Geraghty, 445 U. S. 388,
445 U. S. 396
(1980).
[
Footnote 2/2]
In taking this action, the Court does something that none of the
parties ask it to do. The Government does not contend that the
question of mootness is so clear that dismissal at this juncture
would be appropriate; all it requests is that the Court remand the
case to the District Court for a hearing on the question of
mootness.
See Brief for Federal Respondents 15-16, 18.
[
Footnote 2/3]
While I need not, and do not, question the sincerity of the
University's change of heart, it appears that petitioners do
question it. The existence of a factual dispute on this point is
presumably why the Government does not request that the Court
simply order the case dismissed as moot, but rather that it remand
the case for an evidentiary hearing. Nevertheless, the Court,
without explanation, declines to follow this suggestion.
[
Footnote 2/4]
See City of Mesquite v. Aladdin's Castle, Inc.,
455 U. S. 283,
455 U. S. 289
(1982);
Allee v. Medrano, 416 U.
S. 802,
416 U. S.
810-811 (1974);
DeFunis v. Odegaard,
416 U. S. 312,
416 U. S. 318
(1974) (per curiam);
United States v. Phosphate Export Assn.,
Inc., 393 U. S. 199,
393 U. S. 203
(1968);
Gray v. Sanders, 372 U. S. 368,
372 U. S.
375-376 (1963);
United States v. W. T. Grant
Co., 345 U. S. 629,
345 U. S. 632
(1953);
Walling v. Helmerich & Payne, 323 U. S.
37,
323 U. S. 42-43
(1944);
United States v. Trans-Missouri Freight Assn.,
166 U. S. 290,
166 U. S.
309-310 (1897).
See also Los Angeles v. Lyons,
461 U. S. 95,
461 U. S.
100-101 (1983).
[
Footnote 2/5]
No finding of fact has been made that this is not the case, and
the Court does not purport to make such a finding.
[
Footnote 2/6]
See also Reeves, Inc. v. Stake, 447 U.
S. 429,
447 U. S. 434,
n. 7 (1980).
[
Footnote 2/7]
The Court attempts to distinguish these cases by arguing that
they only apply to defendants to lawsuits, and not to
nondefendants.
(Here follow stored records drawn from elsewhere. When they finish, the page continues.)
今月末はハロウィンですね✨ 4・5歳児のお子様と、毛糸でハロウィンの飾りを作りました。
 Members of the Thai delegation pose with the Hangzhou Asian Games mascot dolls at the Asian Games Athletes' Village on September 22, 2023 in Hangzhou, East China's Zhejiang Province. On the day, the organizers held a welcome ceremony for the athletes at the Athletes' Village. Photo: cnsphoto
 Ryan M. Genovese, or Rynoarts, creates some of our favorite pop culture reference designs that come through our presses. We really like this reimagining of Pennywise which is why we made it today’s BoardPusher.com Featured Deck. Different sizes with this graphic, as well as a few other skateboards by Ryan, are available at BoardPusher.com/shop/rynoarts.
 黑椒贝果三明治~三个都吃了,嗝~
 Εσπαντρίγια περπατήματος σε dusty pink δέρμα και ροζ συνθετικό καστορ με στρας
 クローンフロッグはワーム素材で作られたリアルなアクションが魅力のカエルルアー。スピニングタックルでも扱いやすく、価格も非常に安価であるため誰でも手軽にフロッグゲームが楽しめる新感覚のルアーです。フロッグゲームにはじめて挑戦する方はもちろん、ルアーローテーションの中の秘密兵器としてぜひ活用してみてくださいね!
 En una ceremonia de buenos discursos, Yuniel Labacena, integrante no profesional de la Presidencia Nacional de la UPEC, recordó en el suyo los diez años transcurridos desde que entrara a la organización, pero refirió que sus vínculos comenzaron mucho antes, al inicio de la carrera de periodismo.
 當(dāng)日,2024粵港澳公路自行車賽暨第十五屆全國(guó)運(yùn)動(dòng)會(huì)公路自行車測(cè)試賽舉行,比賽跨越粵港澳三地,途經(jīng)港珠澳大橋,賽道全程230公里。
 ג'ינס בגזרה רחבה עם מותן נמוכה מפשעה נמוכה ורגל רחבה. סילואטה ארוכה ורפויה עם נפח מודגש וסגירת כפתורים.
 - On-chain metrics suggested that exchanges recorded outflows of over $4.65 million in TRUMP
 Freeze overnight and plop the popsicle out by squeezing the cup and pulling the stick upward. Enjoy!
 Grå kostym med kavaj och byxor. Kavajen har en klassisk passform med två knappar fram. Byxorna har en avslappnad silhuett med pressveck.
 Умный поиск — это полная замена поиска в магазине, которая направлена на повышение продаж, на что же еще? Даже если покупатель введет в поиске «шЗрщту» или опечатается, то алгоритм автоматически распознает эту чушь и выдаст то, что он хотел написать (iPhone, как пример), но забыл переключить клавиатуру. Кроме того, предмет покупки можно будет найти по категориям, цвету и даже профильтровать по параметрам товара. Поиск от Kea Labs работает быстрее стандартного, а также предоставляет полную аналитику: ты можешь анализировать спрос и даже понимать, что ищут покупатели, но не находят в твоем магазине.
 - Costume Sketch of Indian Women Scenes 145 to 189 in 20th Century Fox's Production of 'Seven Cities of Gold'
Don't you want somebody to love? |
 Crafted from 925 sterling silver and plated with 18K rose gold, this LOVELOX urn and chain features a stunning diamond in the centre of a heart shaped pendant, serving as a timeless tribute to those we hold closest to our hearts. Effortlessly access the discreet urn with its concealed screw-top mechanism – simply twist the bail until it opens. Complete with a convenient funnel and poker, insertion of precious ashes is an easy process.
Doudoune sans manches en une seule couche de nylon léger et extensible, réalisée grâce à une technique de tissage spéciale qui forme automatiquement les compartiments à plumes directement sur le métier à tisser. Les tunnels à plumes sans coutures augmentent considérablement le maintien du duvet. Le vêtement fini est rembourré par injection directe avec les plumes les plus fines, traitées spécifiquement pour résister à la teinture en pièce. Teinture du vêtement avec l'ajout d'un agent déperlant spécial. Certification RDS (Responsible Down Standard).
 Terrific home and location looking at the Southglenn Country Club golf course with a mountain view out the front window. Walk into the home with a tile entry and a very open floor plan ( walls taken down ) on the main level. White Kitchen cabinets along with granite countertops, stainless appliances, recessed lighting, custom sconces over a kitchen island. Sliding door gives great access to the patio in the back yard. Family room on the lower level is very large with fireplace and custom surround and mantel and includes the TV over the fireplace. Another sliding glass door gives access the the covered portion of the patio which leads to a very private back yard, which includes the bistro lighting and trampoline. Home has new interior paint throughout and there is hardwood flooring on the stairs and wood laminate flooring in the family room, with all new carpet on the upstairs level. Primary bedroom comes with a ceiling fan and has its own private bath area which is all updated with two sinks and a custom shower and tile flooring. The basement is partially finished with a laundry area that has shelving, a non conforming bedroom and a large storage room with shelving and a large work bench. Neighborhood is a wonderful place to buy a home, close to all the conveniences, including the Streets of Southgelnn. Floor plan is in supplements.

Putting aside the fact that the University is not
only a defendant, but also an indispensable party, in this lawsuit,
the Court itself seems to recognize that the principles regarding
voluntary cessation apply where the cessation of activity is by a
third party, and not a defendant.
Ante at
464 U. S. 72
(citing
St. Paul Fire & Marine Insurance Co. v. Barry,
438 U. S. 531,
438 U. S.
537-538 (1978)).
See also Phosphate Export Assn.,
supra, at
393 U. S.
202-204. Moreover, the reason that the doctrine is
normally applied to defendants in lawsuits is that, when a
defendant ceases its activity, it does so under the threat of a
coercive sanction. In this case, the University did just that.